* [TASK BRIEF] Please reproduce the listing verbatim, without its images.

* [DATA SUPPLIED]
────

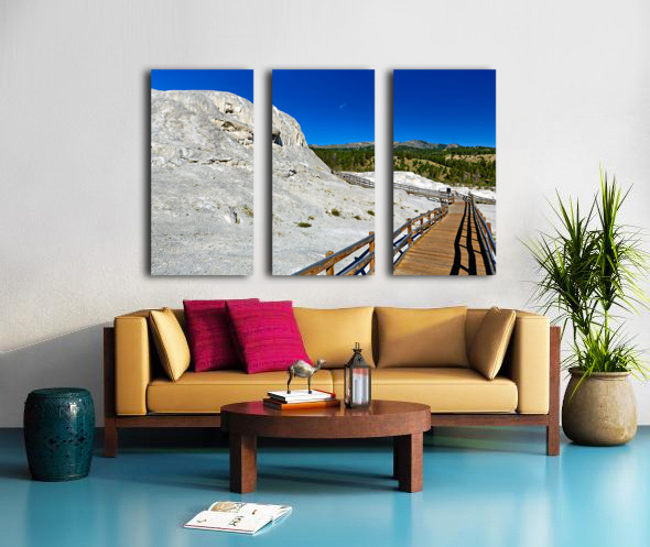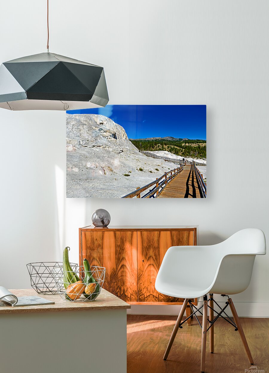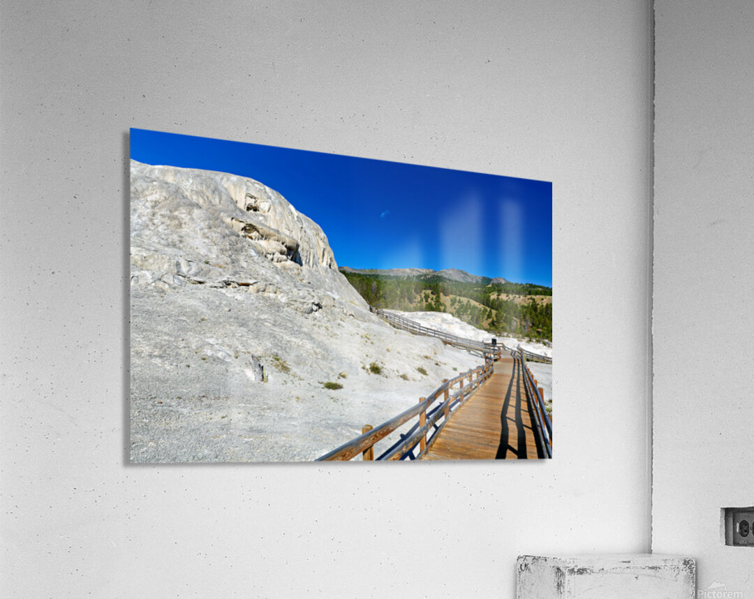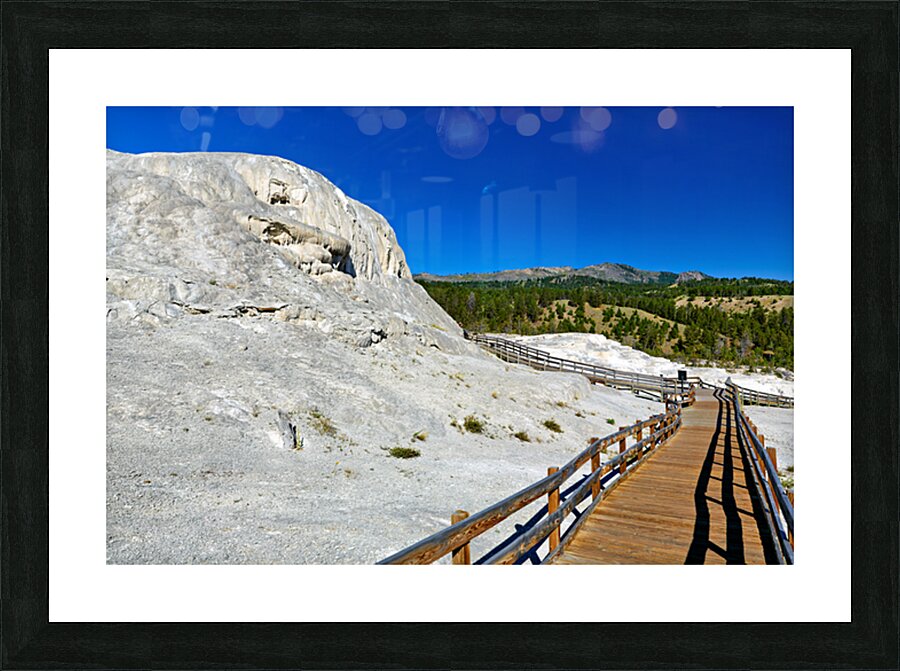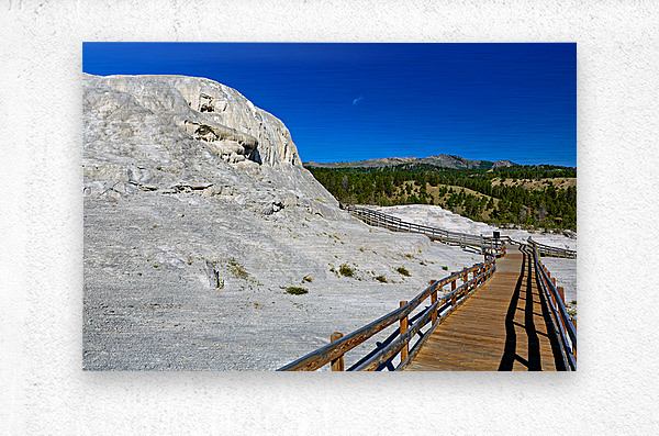 Visitors walk on a wooden path near Mound Spring and Jupiter Terrace in Yellowstone National Park. This location shows unique geothermal features.
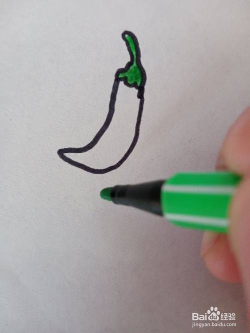 接下来画出辣椒的主体,辣椒的尾部向上翘起。
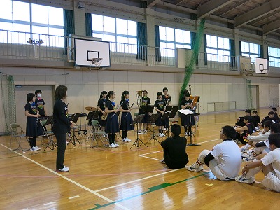 橋北中の生徒が耳傾ける 橋北交流会館で学び舎音楽会
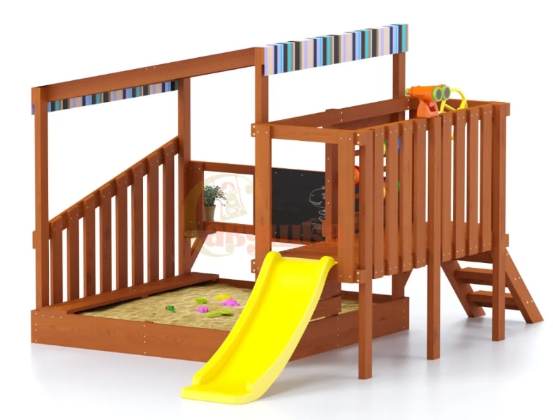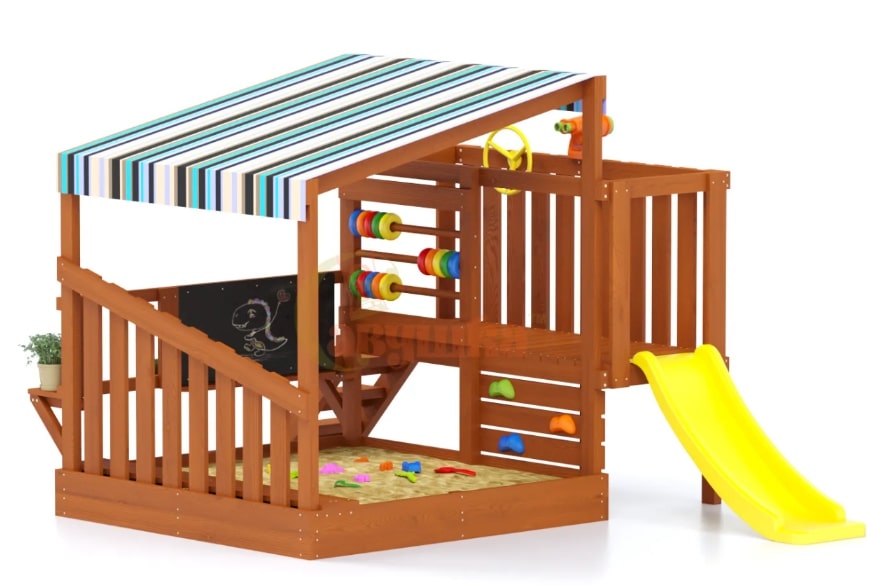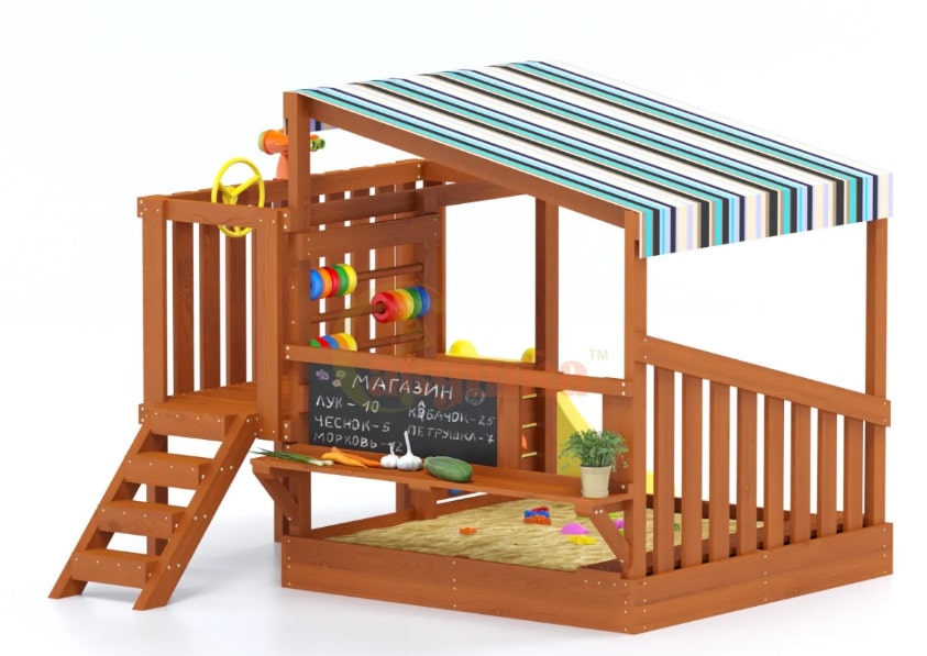 Детский песочный домик Игровой комплекс Песочный дворик Савушка-3 - это целый комплекс для активного отдыха и развития ребенка на свежем воздухе. Игровой домик с крышей - защищает от солнца и дождя, создает уютную атмосферу для игр и отдыха. Игровой балкончик и бинокль - для увлекательных сюжетных игр и наблюдения за окружающей природой. Горка и скалодром - способствует развитию координации движений, равновесия, силы и ловкости. Обязательный атрибут всех морских приключений и управления "кораблем" – руль. Кольца-счеты необходимы для развития математических навыков и логического мышления малышей. Для творческих игр с песком, развития мелкой моторики и воображения – песочница. Прилавок - для размещения игровых предметов и удобства игры. Создаст уютную атмосферу и защитит от солнца декоративная перлога. Еще в комплекте идет меловая доска для творческих занятий, рисования и обучения.
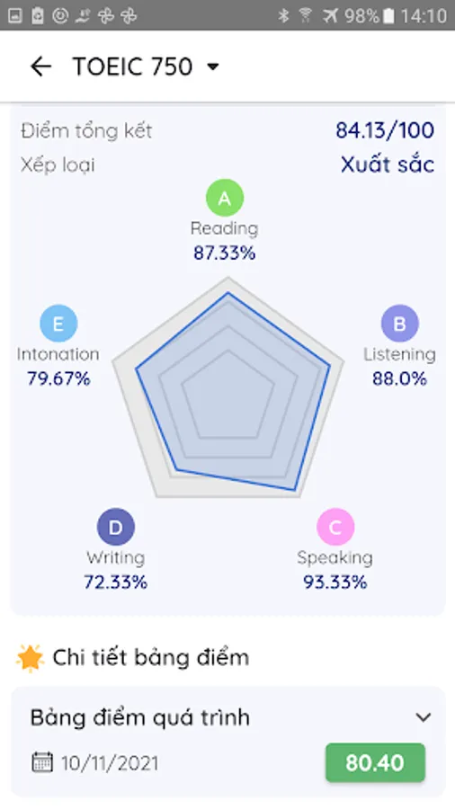 7. VIEW SCORE TABLE – The gradebook of the class is visualized through a chart showing an overview of the corresponding skills by course as well as the details of each score, comment, and evaluation of the teacher in a personalized way.

────

* [WRITTEN RESPONSE]
 Visitors walk on a wooden path near Mound Spring and Jupiter Terrace in Yellowstone National Park. This location shows unique geothermal features.
 接下来画出辣椒的主体,辣椒的尾部向上翘起。
 橋北中の生徒が耳傾ける 橋北交流会館で学び舎音楽会
 Детский песочный домик Игровой комплекс Песочный дворик Савушка-3 - это целый комплекс для активного отдыха и развития ребенка на свежем воздухе. Игровой домик с крышей - защищает от солнца и дождя, создает уютную атмосферу для игр и отдыха. Игровой балкончик и бинокль - для увлекательных сюжетных игр и наблюдения за окружающей природой. Горка и скалодром - способствует развитию координации движений, равновесия, силы и ловкости. Обязательный атрибут всех морских приключений и управления "кораблем" – руль. Кольца-счеты необходимы для развития математических навыков и логического мышления малышей. Для творческих игр с песком, развития мелкой моторики и воображения – песочница. Прилавок - для размещения игровых предметов и удобства игры. Создаст уютную атмосферу и защитит от солнца декоративная перлога. Еще в комплекте идет меловая доска для творческих занятий, рисования и обучения.
 7. VIEW SCORE TABLE – The gradebook of the class is visualized through a chart showing an overview of the corresponding skills by course as well as the details of each score, comment, and evaluation of the teacher in a personalized way.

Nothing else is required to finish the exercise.